The last witness before the case recessed in June was on behalf of the former residents.
Episcopal Corp. lawyer Susan Adam Metzler contested his acceptance as an expert witness in a long voir dire, but Faour allowed Fr. Thomas Doyle to testify.
Doyle, a canon lawyer from the Washington, D.C., area has been outspoken in the past against how the Catholic church, mainly in the U.S., has handled abuse claims.
But his testimony in the Mount Cashel civil case centred on his knowledge of the complex internal judicial system unique to the Catholic church and interpretations of laws written in Latin.
Doyle confirmed for the court that the seal of confession cannot be broken without a priest risking ex-communication, but suggested options priests could have taken to help boys who may have disclosed sexual abuse by a Brother or someone at the orphanage.
These included arranging a meeting outside the confessional, advising a boy to go to authorities at the orphanage or finding a vague way to alert the archbishop of the day to inappropriate things going on.
He also said while the Christian Brothers had its own Pontifical order from the Vatican, the archbishop could have gone up a chain of command if he had serious concerns.
Telegram trial coverage — the only media outlet present except for some other outlets’ short stints in the beginning — resumes daily on June 6, online and in print.
Quotes from the Mount Cashel Civil trial
“Who were you going to tell? Who? Another (Christian) Brother? Who were you going to tell? Would they believe you? See what happened in Ireland? What happened in Australia? What happened in the States? Nobody told anybody.” — John Doe No. 1, testifying of boys at the Mount Cashel Orphanage having no one to confide in about allegations of abuse.
“I was screaming like hell.” — John Doe No. 2, recounting how he says he was being beaten by a Christian Brother for being late and ducking in and out of cold water in the shower.
“Everyday life has ups and downs … but my life would have been normal. What I mean by normal, I would have been married with kids, home, steady job, you know, happy, not living in boarding houses or being tossed from here to there or drinking … just basically unhappy and depressed. ” — John Doe. No. 3, testifying about how Mount Cashel affected his life.

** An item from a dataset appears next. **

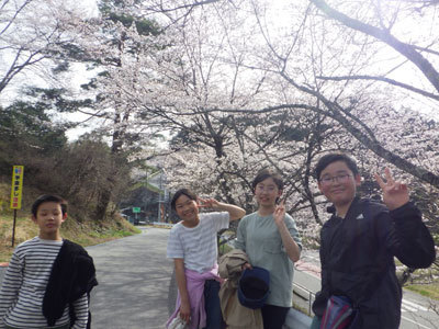 あいさつまわりは村の中を歩いてまわりました。泰阜村は自然がいっぱいなので歩いていると“春“を感じるものをたくさん発見します。満開の桜がきれいで嬉しくなるね。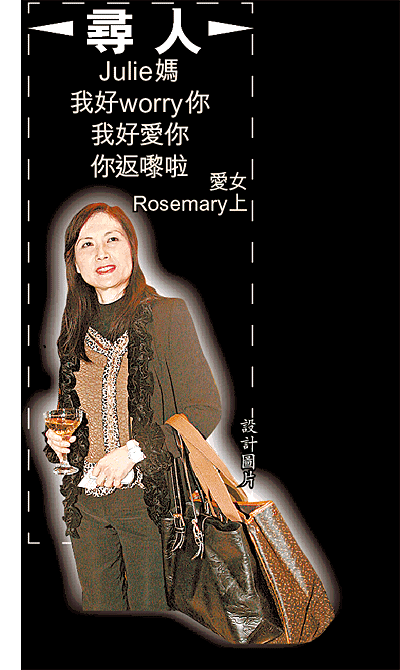 轉為地下情發展的混血名模Rosemary及男友Christopher,昨日情侶檔出席預祝元宵佳節活動,但Rosemary箍煲成功,阿媽Julie卻失蹤多天,她謂全家上下都聯絡不上母親,極度憂慮,Rosemary更公開呼籲尋母,真頭痕。Julie媽見字請回覆,家人掛念啊!

“The documents examined for this study show that the corporate entity … Roman Catholic Episcopal Corp. of St. John’s, and before incorporation as the Diocese of St. John’s, played no controlling, managerial or oversight role whatsoever in the administration, fundraising, operations or running of the Mount Cashel Orphanage, or of, or over, the assignment, work, supervision or reassignment of Irish Christian Brothers who worked in Newfoundland.” — Historian John FitzGerald.
“(The priest) cannot go to the archbishop, to anybody, even to the Pope, and say, ‘This boy came to me and confessed sexual abuse.’ He has to take a very indirect route if he is going to deal with this. It is possible and it can and should be done.” — Father Thomas Doyle, canon law expert, explaining the seal of confession.